**Data for processing:**

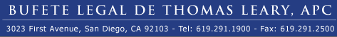 El Bufete Legal de Thomas Leary tiene su base en el Condado de San Diego y se especializa en la Ley concerniente a las lesiones personales. El Sr. Leary nació y creció en el Condado de San Diego. Se graduó de Helix High School en la Mesa en 1977, obtuvo su B.A. de la UC Davis en 1982 y recibió su título de abogado en la Universidad de Minnesota en 1985. Después de practicar el Derecho en Minnesota por varios años, el Sr. Leary regresó a San Diego el día de San Patricio en 1989.
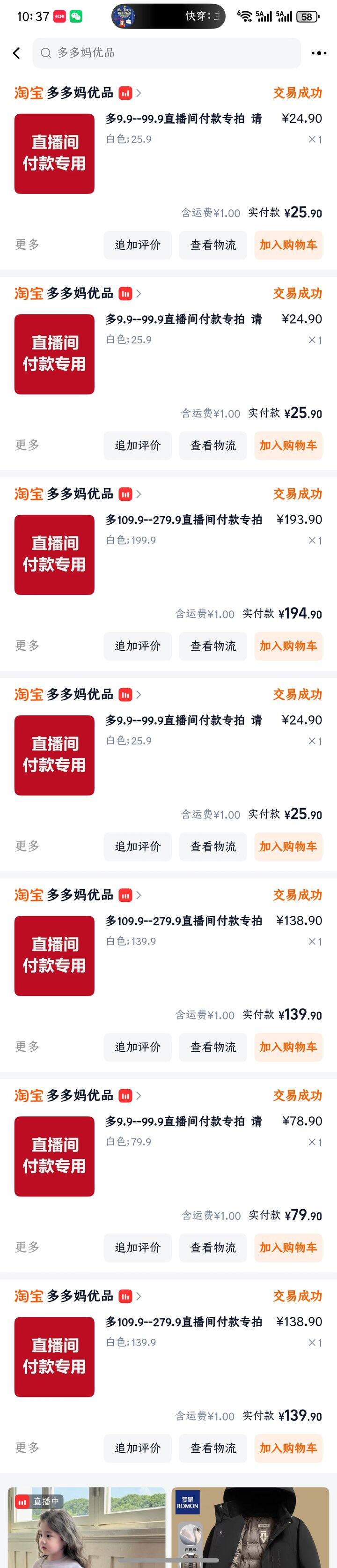 几乎一整天都在直播,也是买了很多,主要播巴拉,我在这家店买了四个婷美的内衣,好穿得要发财[哈哈]太收副乳了
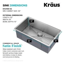 KRAUS Standart PRO 32in. 16 Gauge Undermount Single Bowl Stainless Steel Kitchen Sink
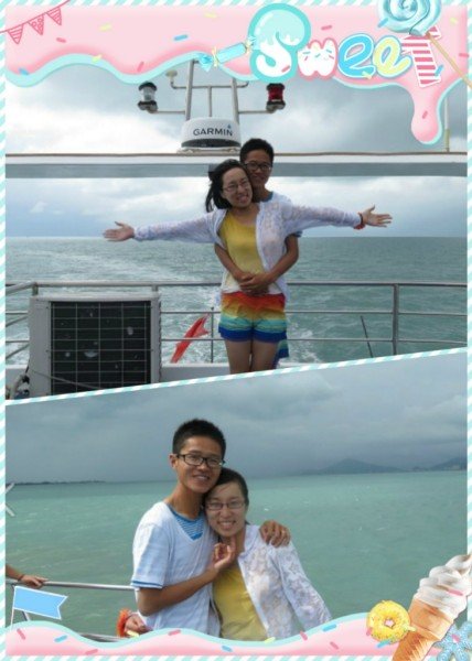 在游艇上两人的臭美照……
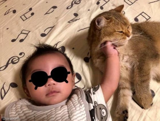 첫 반려묘인 위안위안이 3살이 됐을 때 사라는 임신을 했고 곧 아들을 낳았다.
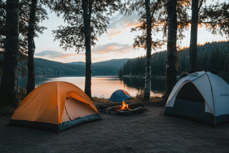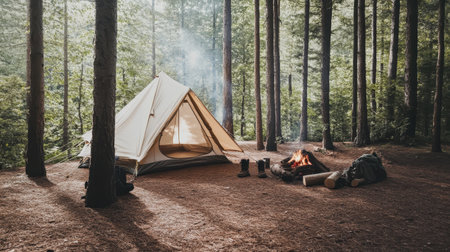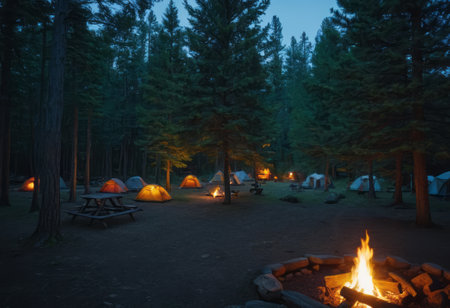 A peaceful camping site surrounded by lush trees, featuring a glowing campfire and tents, ideal for outdoor enthusiasts seeking tranquility and adventure in nature.
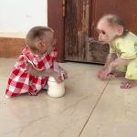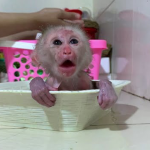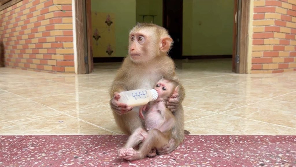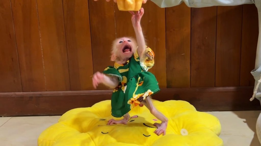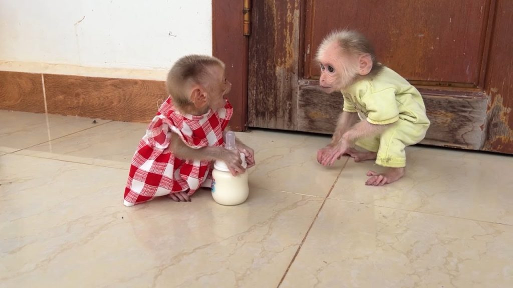 It was time for little Luna to drink her milk. Mom had prepared the bottle and gently tried to feed the naughty baby monkey. But…

**Task:**
Reproduce the data verbatim. Do not carry any picture into the copy.

**Answer to the exercise:**
 El Bufete Legal de Thomas Leary tiene su base en el Condado de San Diego y se especializa en la Ley concerniente a las lesiones personales. El Sr. Leary nació y creció en el Condado de San Diego. Se graduó de Helix High School en la Mesa en 1977, obtuvo su B.A. de la UC Davis en 1982 y recibió su título de abogado en la Universidad de Minnesota en 1985. Después de practicar el Derecho en Minnesota por varios años, el Sr. Leary regresó a San Diego el día de San Patricio en 1989.
 几乎一整天都在直播,也是买了很多,主要播巴拉,我在这家店买了四个婷美的内衣,好穿得要发财[哈哈]太收副乳了
 KRAUS Standart PRO 32in. 16 Gauge Undermount Single Bowl Stainless Steel Kitchen Sink
 在游艇上两人的臭美照……
 첫 반려묘인 위안위안이 3살이 됐을 때 사라는 임신을 했고 곧 아들을 낳았다.
 A peaceful camping site surrounded by lush trees, featuring a glowing campfire and tents, ideal for outdoor enthusiasts seeking tranquility and adventure in nature.
 It was time for little Luna to drink her milk. Mom had prepared the bottle and gently tried to feed the naughty baby monkey. But…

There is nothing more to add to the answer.